> _THE PROBLEM_
Down to the last line, retype the records below exactly and skip the pictures.

[Data entries]
● ● ● ●

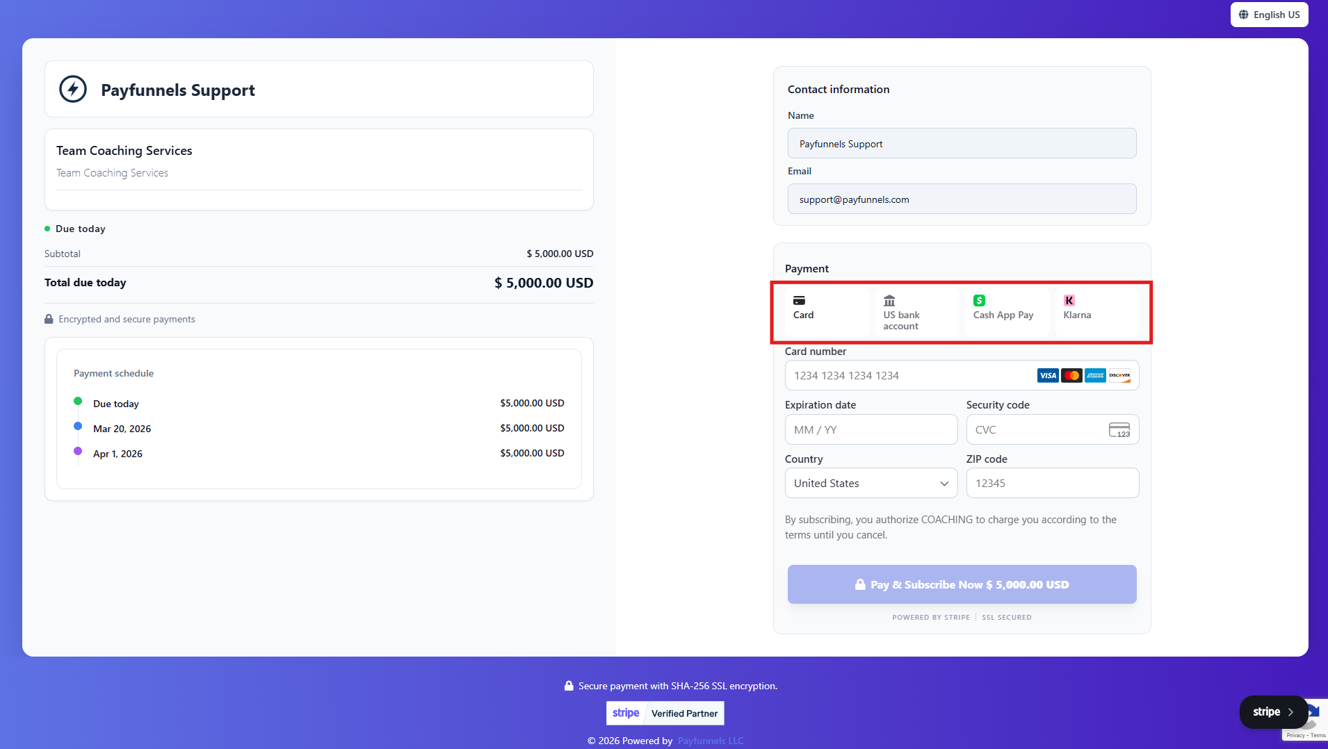 Now, you can offer multiple payment options to your customers, including 'buy now, pay later' options like Affirm and Klarna, bank transfers like ACH (only for the US) and SEPA (For customers in Europe), digital wallets like Apple Pay and Google Pay.
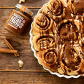 Naughty Nuts Almond Cinnamon Tahini je narejen iz 100 % naravnih sestavin kakovostnega izvora. Ne vsebuje dodatkov, kot sta palmovo olje ali sladkor. Tahini je sladkan z datlji, ki se harmonično povezujejo z mandlji, indijskimi oreščki in cimetom ter dajejo okus pravih cimetovih zvitkov!
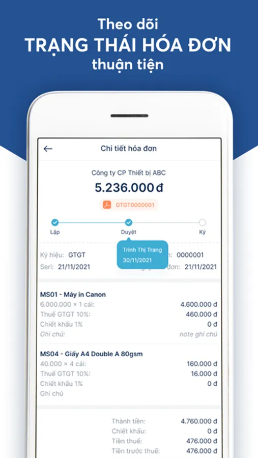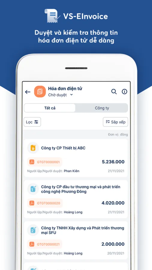 Ứng dụng cung cấp giải pháp giúp người dùng có thể duyệt, ký hoá đơn điện tử của công ty một cách thuận tiện nhất mà không cần phải làm việc trên máy tính cá nhân.
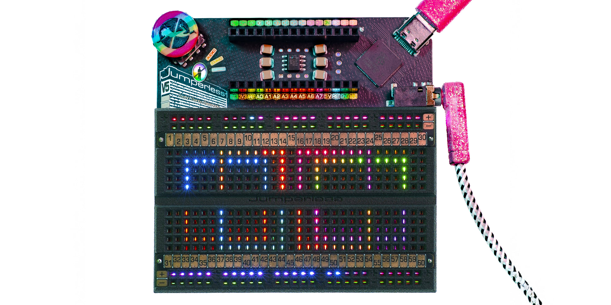 You can connect any point to any other using software-defined jumpers, so the four individually programmable ±8 V power supplies; ten GPIOs; and seven management channels for voltage, current, and resistance can all be connected anywhere on the breadboard or the Arduino Nano header. RGB LEDs under each hole turn the breadboard itself into a display that provides real-time information about whatever’s happening in your circuit.
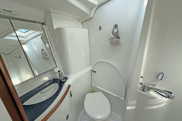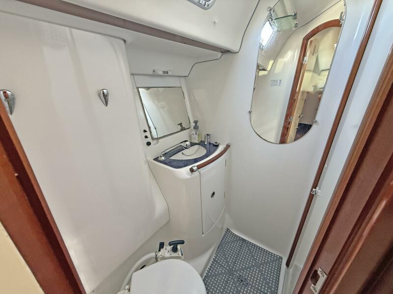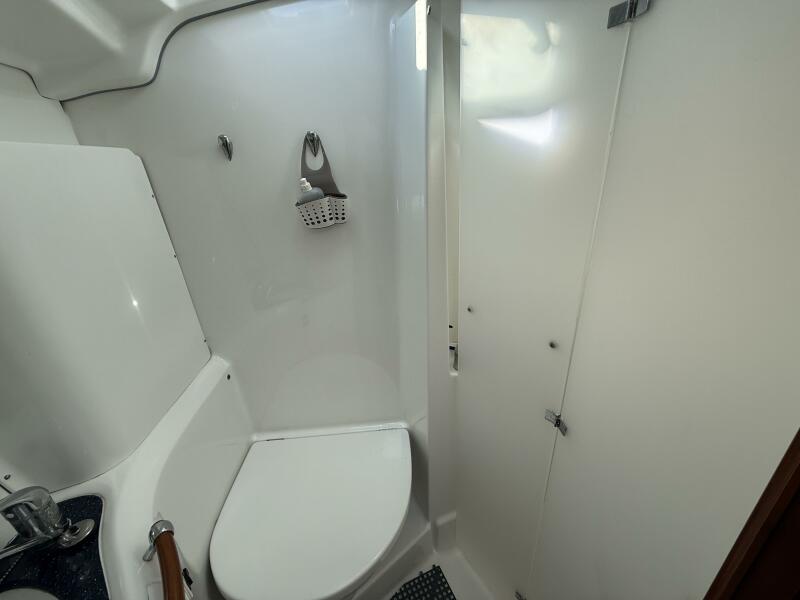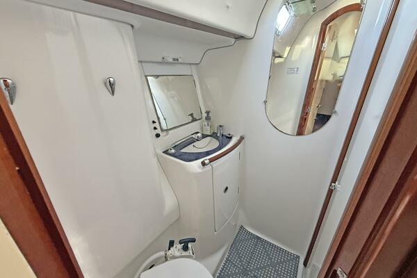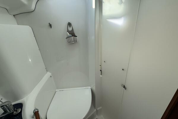 Private ensuite head with separate shower area. Electric head. Fold down seat for rough weather showering offshore.

● ● ● ●

> _SOLUTION TO THIS PROBLEM_
 Now, you can offer multiple payment options to your customers, including 'buy now, pay later' options like Affirm and Klarna, bank transfers like ACH (only for the US) and SEPA (For customers in Europe), digital wallets like Apple Pay and Google Pay.
 Naughty Nuts Almond Cinnamon Tahini je narejen iz 100 % naravnih sestavin kakovostnega izvora. Ne vsebuje dodatkov, kot sta palmovo olje ali sladkor. Tahini je sladkan z datlji, ki se harmonično povezujejo z mandlji, indijskimi oreščki in cimetom ter dajejo okus pravih cimetovih zvitkov!
 Ứng dụng cung cấp giải pháp giúp người dùng có thể duyệt, ký hoá đơn điện tử của công ty một cách thuận tiện nhất mà không cần phải làm việc trên máy tính cá nhân.
 You can connect any point to any other using software-defined jumpers, so the four individually programmable ±8 V power supplies; ten GPIOs; and seven management channels for voltage, current, and resistance can all be connected anywhere on the breadboard or the Arduino Nano header. RGB LEDs under each hole turn the breadboard itself into a display that provides real-time information about whatever’s happening in your circuit.
 Private ensuite head with separate shower area. Electric head. Fold down seat for rough weather showering offshore.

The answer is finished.